9.2.3   HOT DARK MATTER (HDM)   HDM models with matter in the form of massive neutrinos that can account for some of the large-scale structure observations (pancakes, filaments, voids; Zeldovich et al. 1982) were abandoned a few years ago when N-body simulations and analytic models suggested that it would be difficult to form galaxies at high redshifts without overproducing clusters and large-scale structure. However, HDM with antibiasing, i.e. suppressing galaxy formation at high-density regions, may still be a possibility (e.g. Braun et al. 1987), although large peculiar velocities and excessive X-ray emission from massive clusters may still be problems for this model (White et al. 1984).

9.2.4   HYBRID SCENARIOS   Hybrid scenarios attempt to combine, in a somewhat ad hoc manner, CDM models on small scales and HDM models on large scales (e.g. Barnes et al. 1985, Dekel 1984, Dekel & Aarseth 1984). In these scenarios, galaxies and large-scale structure may form from different components of the density fluctuation. The model can involve two types of dark matter (baryonic and nonbaryonic) or two types of initial fluctuations (adiabatic and isothermal) [e.g. see Blumenthal et al. (1988) for an open hybrid model with CDM and baryons]. While the hybrid picture may succeed in reproducing several observations on both small and large scales, the number of model parameters is large, and their choice is ad hoc rather than naturally based on first principles.

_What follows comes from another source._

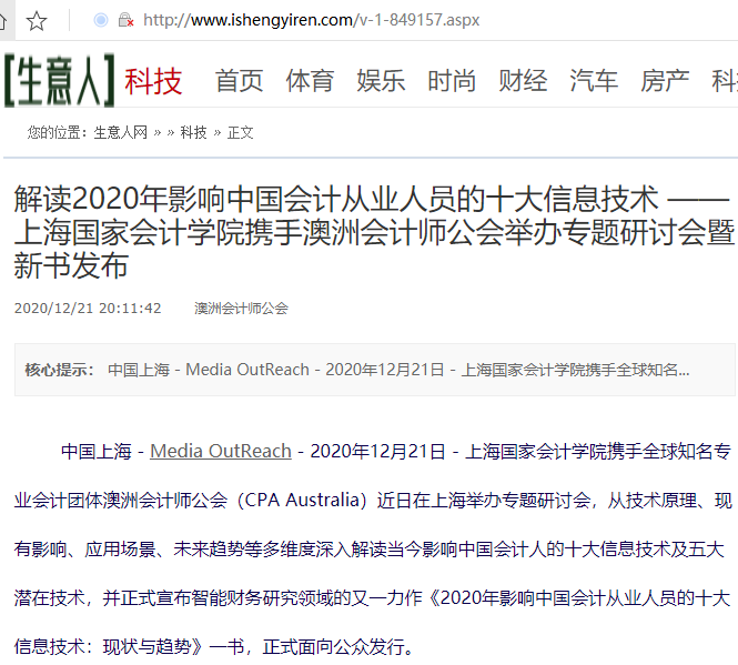 解读2020年影响中国会计从业人员的十大信息技术 ——上海国家会计学院携手澳洲会计师公会举办专题研讨会暨新书发布【2020年12月21日,生意人】

9.3. Non-Gaussian Fluctuation Models

9.3.1   COSMIC STRINGS   A rather different method of producing large-scale density fluctuations without producing large thermal fluctuations is the use of non-Gaussian statistics. The recently suggested cosmic strings model (Vilenkin 1985, Albrecht & Turok 1985, Turok 1985) uses the latter to induce the density fluctuations. Cosmic strings are curvature singularities that are born with a topology of random walks. They turn into closed loops, which later break into multiple smaller loops in a scale-free fashion, leading to a scale-invariant fluctuation spectrum. Matter is then accreted onto the loops to form galaxies and clusters. The loop-loop correlation function appears to reproduce the universal correlation function discussed in Section 4, with a power law of r-2 (Albrecht & Turok 1985, Turok 1985). This model offers a natural way to account for the large-scale structure observations while keeping a rather isotropic microwave background. More detailed calculations are needed, however, before any conclusions can be reached regarding this model (e.g. Bouchet & Bennett 1988, Turok 1988).

9.4 Explosions

A fundamentally different approach to the formation of structure is provided by a model with powerful explosions (Ostriker & Cowie 1981, Ikeuchi 1981). In this model, which is a natural extension of the theory of how some stars form in the interstellar medium, structure is not produced by small density fluctuations in the early Universe but rather from explosions of first-generation objects, which help gravity in forming further galaxies and clusters. The blast waves produced by the explosions push the gas out of an evacuated area: the shells expand, cool, and fragment into a new generation of galaxies. Individual "bubbles" of galaxies formed in this manner, typically of ~ 10h-1 Mpc radius, can interact with each other to form clusters, superclusters, and still larger voids (Ostriker 1986). The model predicts a morphological appearance that is indeed similar to that observed in recent galaxy redshift surveys (Section 7). The cluster correlation function can also be reproduced by such a shell model (Bahcall et al. 1988a, Weinberg et al. 1988; Section 5.2). At the same time the isotropy of the microwave background is preserved, since the structure is formed after decoupling in a way that will not produce significant fluctuations in the background. High peculiar velocities on large scales (~ 60h-1 Mpc) may be a problem for explosions; however, the coherence length of the galaxy velocity field is still under investigation (Section 8). A recent variation on the explosion picture is the use of magnetized superconducting cosmic strings that can give rise to explosionlike phenomena (Ostriker et al. 1986). For recent reviews of the explosion model, see Ostriker (1986, 1988).